Thank you for the input! Such crazy things with live patching, aot, jit etc are easiest with bytecode runtimes. (I know about c++20 plans to include them... but well we can defer discussing it for some time.)

So the proof that pinspect(2) works is to get libgc code example running with compiler instrumentation and runtime for LSan.

@thorpej also mentioned cases of robust features in pthread(3) to take into account, I will wait for his comments on it and keep working on the currently designed API.

krytarowski commented 5 years ago

@thorpej Today I have got a workstation outage and after attempts to repair it myself I had to finally go with it to a repair service, hopefully it will be back tomorrow.

I have got a snapshot of my work in git branch from yesterday. It contains a kernel implementation for pinspect(2).

https://github.com/krytarowski/src/blob/pinspect/sys/kern/sys_pinspect_common.c#L65-L117

Basically I need assistance how to get pinspect_enable() to work correctly with the IPIs. My usage of kernel preemption and SPLs was speculative.
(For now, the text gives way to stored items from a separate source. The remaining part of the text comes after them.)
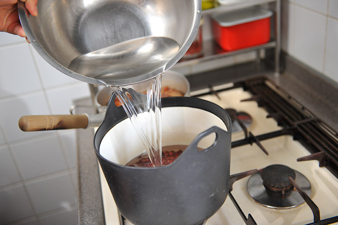 あずきが頭を出したら水を足してください。
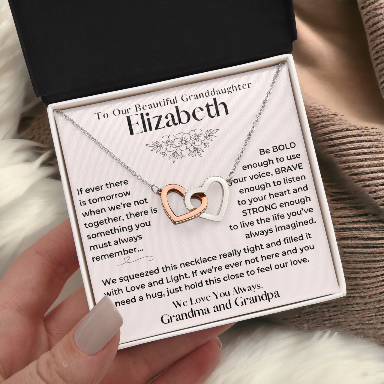 Embrace the timeless connection with your granddaughter through our Interlocking Hearts Necklace.
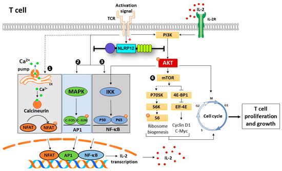 Possible mechanism of action of Nlrp12 in regulating early TCR signaling pathways, T cell activation and proliferation. Activation signals from TCR activates multiple downstream signaling pathways in T cells, presented as (1) NFAT, (2) NF-κB, (3) MAPK and (4) mTOR pathways. These pathways lead to nuclear translocation of NFAT, NF-κB and AP1 transcription factors and IL-2 transcription. IL-2 binds to its receptor on the cell surface and initiates mTOR pathway. TCR activating signals induce the expression of Nlrp12 that consequently inhibits NF-κB and MAPK signaling pathways, which suppress IL-2 production. Upstream of NF-κB pathway, Nlrp12 inhibits Akt phosphorylation that controls NF-κB signaling on one side and mTOR activity and cell cycle progression on the other side. Taken together, Nlrp12 has a broad range of regulatory activity that controls hyper-proliferation and activation of T cells. The pathways shown in dashed lines are not affected by Nlrp12 including NFAT signaling and mTOR/S6 phosphorylation.
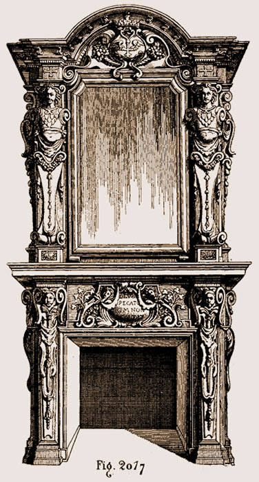 In 17th century, under the development of easel painting, the fireplace mantel and overmantel mirror become two distinctive areas: the mantel still refers to the space surrounding the hearth, topped by a flat shelf, so that the area above is called an "over-mantel". In stone or wood, the overmantel is still joined to the rest. With massive wood sculpted reliefs, the Louis XIII style fireplace creates an opulent frame for the painting above.
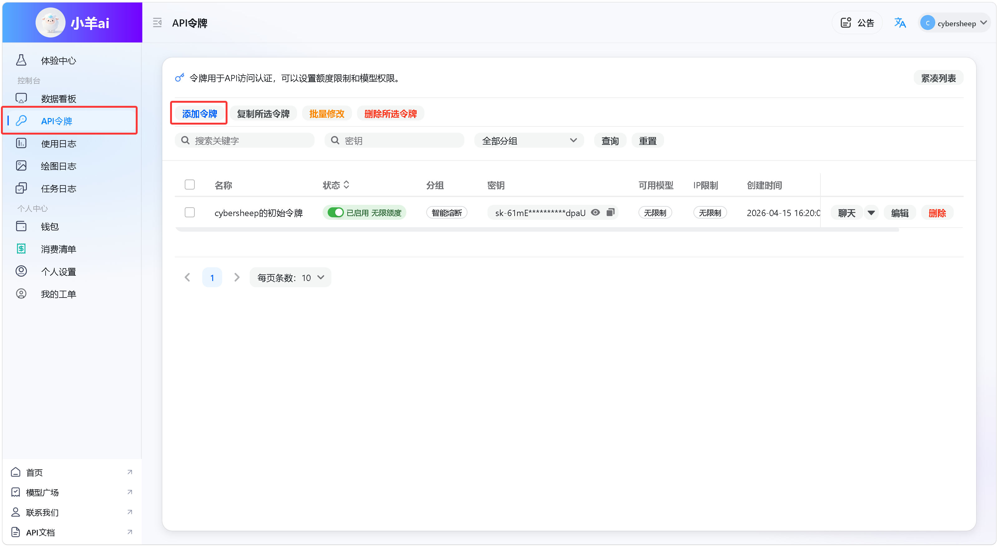 3. 注册小羊ai账号,创建API密钥
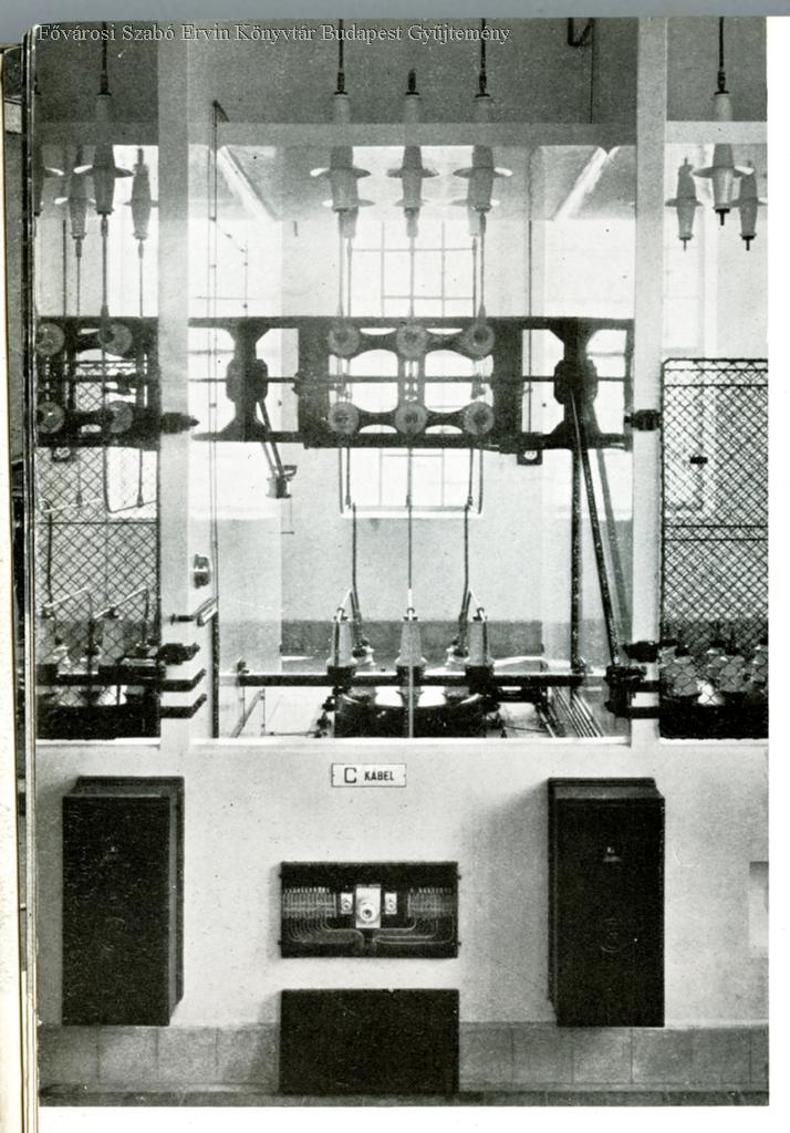 transzformátorállomás, áramszolgáltatás, mechanikai kapcsolóberendezés, épületkép, belső felvétel, 1934

Please review and tell me how to change it.

Here is userret():

https://github.com/krytarowski/src/blob/pinspect/sys/sys/userret.h#L92-L96

This code is still only build tested and boot tested. My pthread(3) implementation was incomplete and I got some more insights on the implementation of pthread_stop_world_np().

So far my thoughts:

My implementation of pthread(3) didn't land GitHub and was still kept locally on the machine that is in outage, but my kernel initial version should be fine to push to proof reading. I was also wondering whether it would be better to take rwlock in pinspect(2) instead of using a kcondvar... I'm all ears.

krytarowski commented 5 years ago

It's too late for -9 and there are still other kernel issues detected with ptrace(2). I don't want to add an interface that might share fragility.

For now I will upstream ptrace(2)-based solution for LSan (that we have locally) and once done with debuggers implement pinspect(2).